Regardless, that's the way I feel about Gamma World. It's fantastic because of this wildly fluctuating technology level. Some communities might have a still functioning slushie machine in their local cantina and as a result, that's what the town's known for! Firefly-esque prospectors with laser rifles! Tribes of robots with rebar spears! A group of Programmers worshiping a crazed mechanical digger!

I love this machine and the post-apocalypse makes it even better

And that's why I really like the new Gamma World rules. Albeit, I've never played any of the previous editions and I'd like to get my hands on a copy of 2nd if only for the map of post-apocalyptic Allegheny County, but I like the feel. The rules support that anachronistic melange in a way that I didn't feel that Mutant Future does.

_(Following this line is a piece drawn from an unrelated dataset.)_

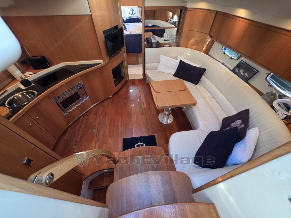 Large saloon, equipped kitchen, 2 separate cabins, 2 bathrooms with WC/shower.
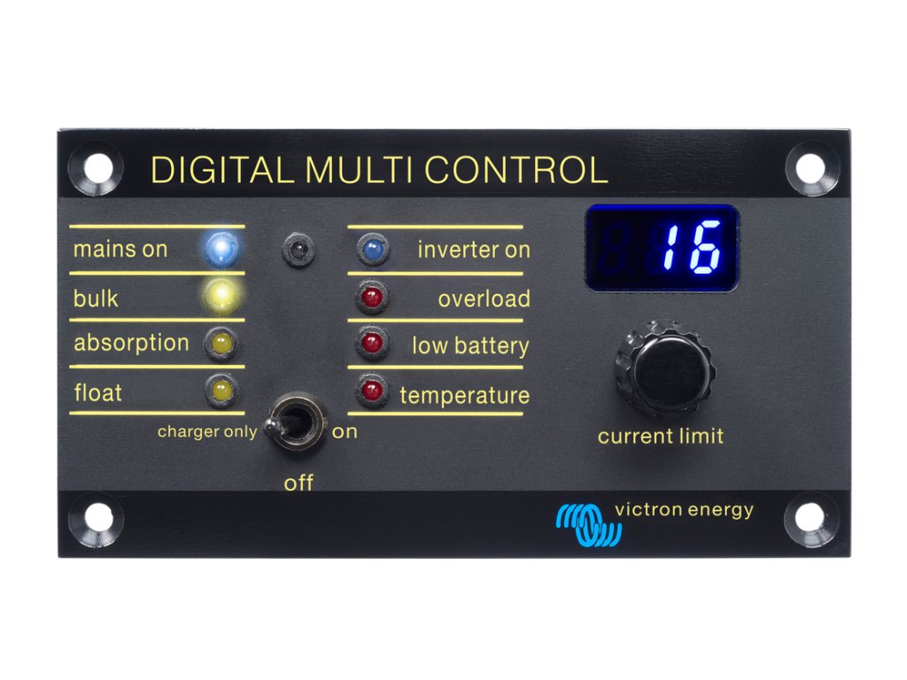 Panel pre vzdialené ovládanie a sledovanie meničov/nabíjačiek radu MultiPlus a Quattro a to v samostatnom, paralelnom aj trojfázovom povoze. Umožňuje páčkovým spínačom vzdialene zapínať a vypínať pripojené zariadenie, prípadne voliť režim „iba nabíjačka“. Ďalej umožňuje meniť hodnotu maximálneho vstupného prúdu zo siete alebo iného zdroja striedavého prúdu. Nastavená hodnota sa trvalo zobrazuje na digitálnom displeji. Panel zobrazuje pomocou LED diód prevádzkový stav. Naľavo sa zobrazuje zapnutie/vypnutie meniča, preťaženie spotrebičmi, nízky stav nabitia akumulátorov a vysoké teploty zariadenia. Napravo sa zobrazuje napojenie na sieť (generátor) a fáza nabíjania akumulátorov. Prepojenie s ovládaným zariadením je pomocou UTP kábla s koncovkami RJ45 (nie je súčasťou dodávky). Panel je určený na vsadenie do steny, elektrokrabice a podobne. Panel má tlačidlo konfigurácie pre individuálne nastavenie. Ďalšie informácie v návode nižšie.

One of my favorite additions to the new set are the generic weapons (Light One-Handed Melee, Heavy Two-Handed Ranged, Light One-Handed Gun, etc...) because it levels that playing field. Under the rules, a crossbow can be as effective as a hunting rifle or a harpoon gun made out of car parts, depending on what you decide its stats are. It feels a lot more natural than either limiting characters to medieval weapons at the start or ending up dropping your trusty spear completely when you pick up a plasma rifle.

By its nature, the post-apocalypse should be off-beat. Chuck all your favorite influences into it, let 'em simmer and season with gonzo or serious to taste. But for Pete's sake, don't make it prosaic.

Picture from Six-String Samurai. If you like Gamma World and haven't seen this movie, what the hell are you waiting for?!

Friday, December 3, 2010

Gamma World: The Road


There's only one Road. Only one good one, anyway. Chances are there was a whole network of Roads once, criss-crossing and connecting the entire West. But a lot of things have happened since then: wars, disasters, dimensional incursions, robot wars...

The Road we've got is probably pieced together from the good bits of a bunch of different ones, judging on how some stretches tend to go on beyond the turns. Most of them are either bombed out, booby trapped or overgrown enough that you couldn't get anywhere on 'em without rides built special for navigating the terrain. No way in hell that the Tankers could make their way over those cobbles. And that's why we have the Road, and the reason that it can't be broken.

Sure, you can drive your pick-up or dune buggy or hover-boat around wherever you please, but none of those things can haul worth a damn. If you really wanna get things from Point A to Point B, you gotta use something big, like one of the old tankers or a gravity barge, and if there's one thing that all those Big Rigs need, it's space and stability. But once you've got that, you need to keep it that way.

That's where the towns come in. Most of them sprung up Roadside as soon as the lines from the Coast to Vegas were being reconnoitered, but each of them soon learned the drill. If you keep your chunk of the Road free from raiding parties, burrowing sharks and giant robots, you get trading rights for the cargo coming down the Road. Depending on what Rigs are rolling, you could get anything from clothing to food to construction supplies to Dr. Goggles' Tank-Aged Frontier Whiskey. The promise of first dibs on these treasures is enough to keep the crossbows loaded and lasers charged most Roadside settlements.